On Sun, 22 Jun 2003, Thomas Lumley wrote:

> On Sun, 22 Jun 2003, Faheem Mitha wrote:
> > If I'm doing this correctly, R does not seem to think it is a call.
> >
> > > is.call("Monotonic Multigamma run (" * n == len * ", " * theta == t1
> > * ").")
> > Error in "Monotonic Multigamma run (" * n :
> >         non-numeric argument to binary operator
>
> R is trying to *evaluate*
>   "Monotonic Multigamma run ("* n==len etc
> which doesn't work.  Remember, is.call(), like any normal function, will
> be passed the *value* of its arguments.

Hmm. I'm trying to distinguish in my mind the value of an expression and
the expression itself. For some reason it reminds me of the following
exchange, from "Through the Looking-Glass".

**********************************************************************

"...The name of the song is called 'Haddocks' Eyes.'"

"Oh, that's the name of the song, is it?" Alice said, trying to feel
interested.

"No, you don't understand," the Knight said, looking a little vexed.
"That's what the name is called. The name really is 'The Aged, Aged Man.'"

"Then I ought to have said 'That's what the song is called'?" Alice
corrected herself.

"No you oughtn't: that's another thing. The song is called 'Ways and
Means' but that's only what it's called, you know!"

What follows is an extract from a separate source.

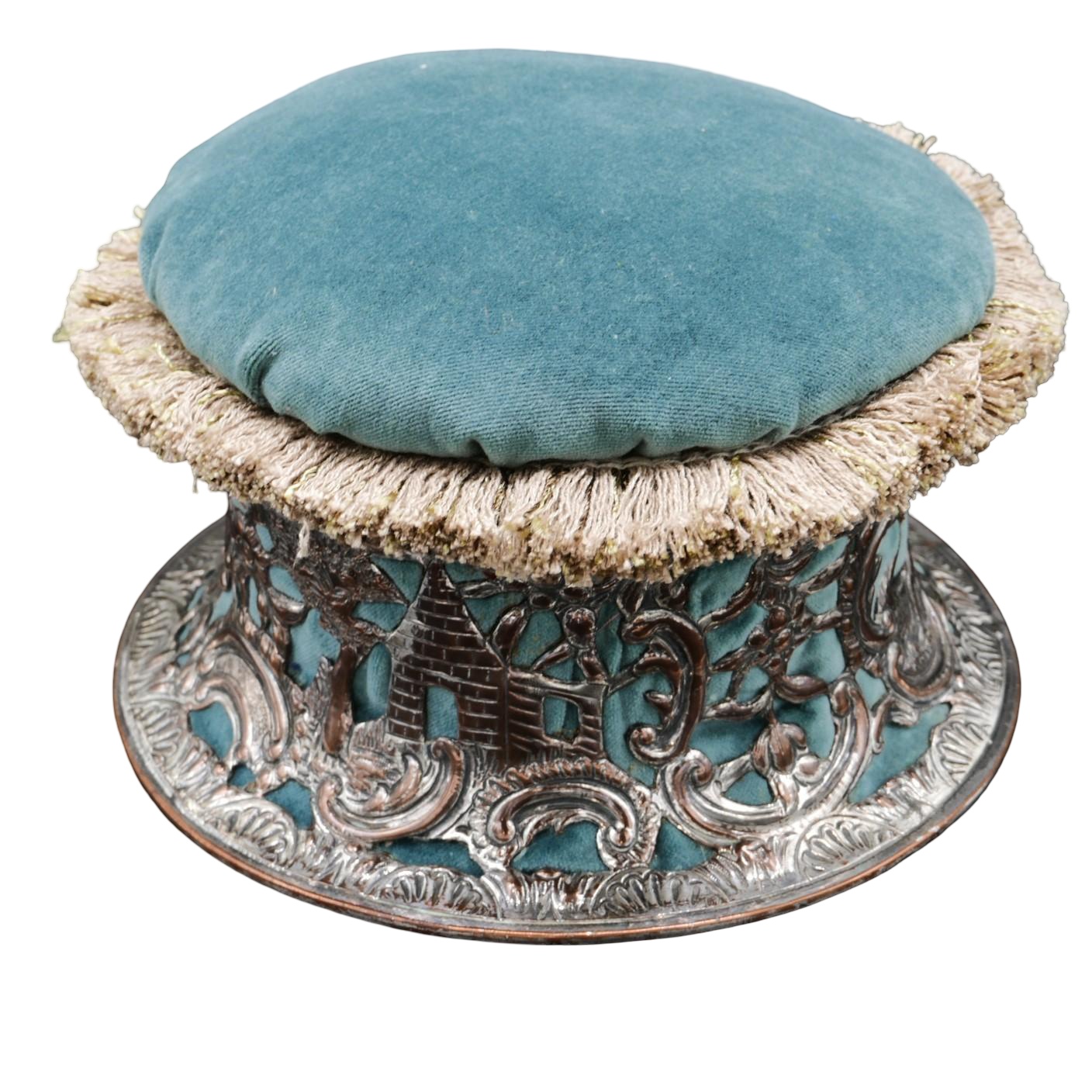 As you can see in the photographs, the Old Sheffield Plate waisted ring has been retained in its ‘as found’ condition, lined with a ruched and padded embroidered silk interior, backed onto a lovely hand dyed aqua velvet exterior. To finish the overall presentation of this regenerated antique, we have added a plug top in the same fabrics and padded the upper section with more of the velvet to provide a large pin-cushion / needle holder. Just in case you think the whole ensemble is understated, we added a light golden tone fringe to the circumference as a flourish.
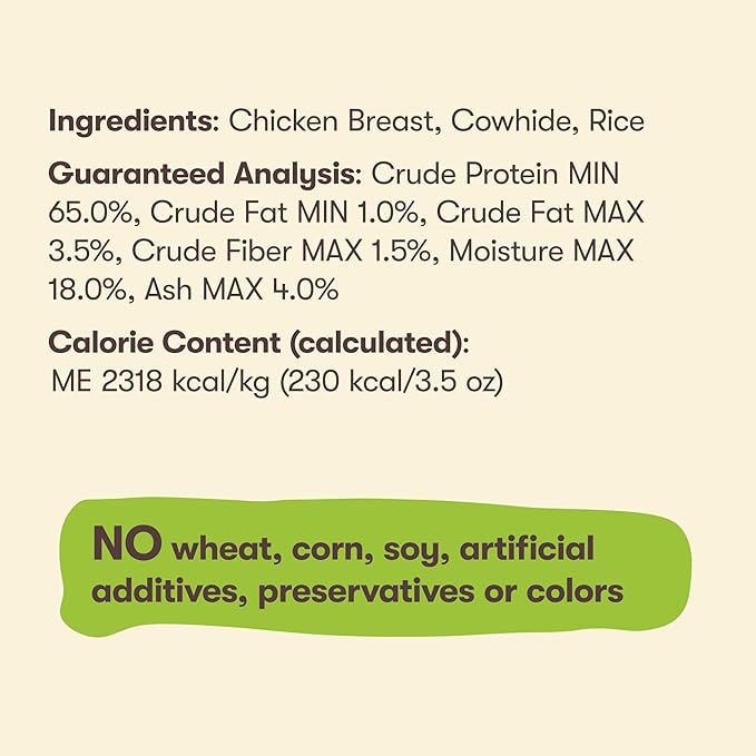 • Ingredients - Tantalizing treat made from naturally delicious chicken breast fillets and brown rice formed into crunchy, bite-sized balls on a chewy rawhide stick.

"Well, what is the song then?" said Alice, who was by this time completely
bewildered.

"I was coming to that," the Knight said. "The song really is 'A-sitting On
a Gate': and the tune's my own invention."
**********************************************************************

> You could try
>   is.call(quote("Monotonic Multigamma run("*n==len))
> which is TRUE.
>
> > It considers it a valid R expression though.
> >
> > > (mode(expression("Monotonic Multigamma run (" * n == len * ", " * theta
> > == t1 * ").")))
> > [1] "expression"
> >
>
> That's because expression() returns an expression.
>
> >
> > The clearest description I have seen of a call is in S Poetry, where it
> > says
> >
> > "Mode call represents objects that are calls to a function. The first
> > component of a call is the name (mode name) of the function being called.
> > The rest of the call is the arguments given."
> >
> > This certainly is how calls are constructed using call(...), but I'm not
> > sure how it fits in with an expression like the one above. What is the
> > function being called in that case, for example?
>
> Well, we can find out. It must be either * or ==, but it isn't immediately
> obvious which one ends up at the top level
>
> > thing <- quote("Monotonic Multigamma Run ("*n==len* ", " * theta
> ==t1*").")
> > mode(thing)
> [1] "call"
> > length(thing)
> [1] 3
> > thing[[1]]
> ==
> > thing[[2]]
> "Monotonic Multigamma Run (" * n == len * ", " * theta
> > thing[[3]]
> t1 * ")."
> > mode(thing[[2]])
> [1] "call"
> > mode(thing[[3]])
> [1] "call"
> > thing[[2]][[1]]
> ==
> > thing[[3]][[1]]
> *
>
> So it is a call to ==, with two arguments, each itself a call.  The first
> arguemetn is also a call to == and the second is a call to *. And so on in
> a tree structure.

This is very interesting. I had convinced myself that an expression could
not become a call unless created explicitly by call, because it could not
know out of all the possible call structures which one to turn the
expression into. However, it appears this is not the case. So, naturally,
this makes me wonder, what rules are used to make the structure, out of
all the various possibilities. For example, the function in the call could
have corresponded to one of the *'s, and then the rest of the structure
would have been different. And is this rule part of the language
definition?

                                                            Faheem.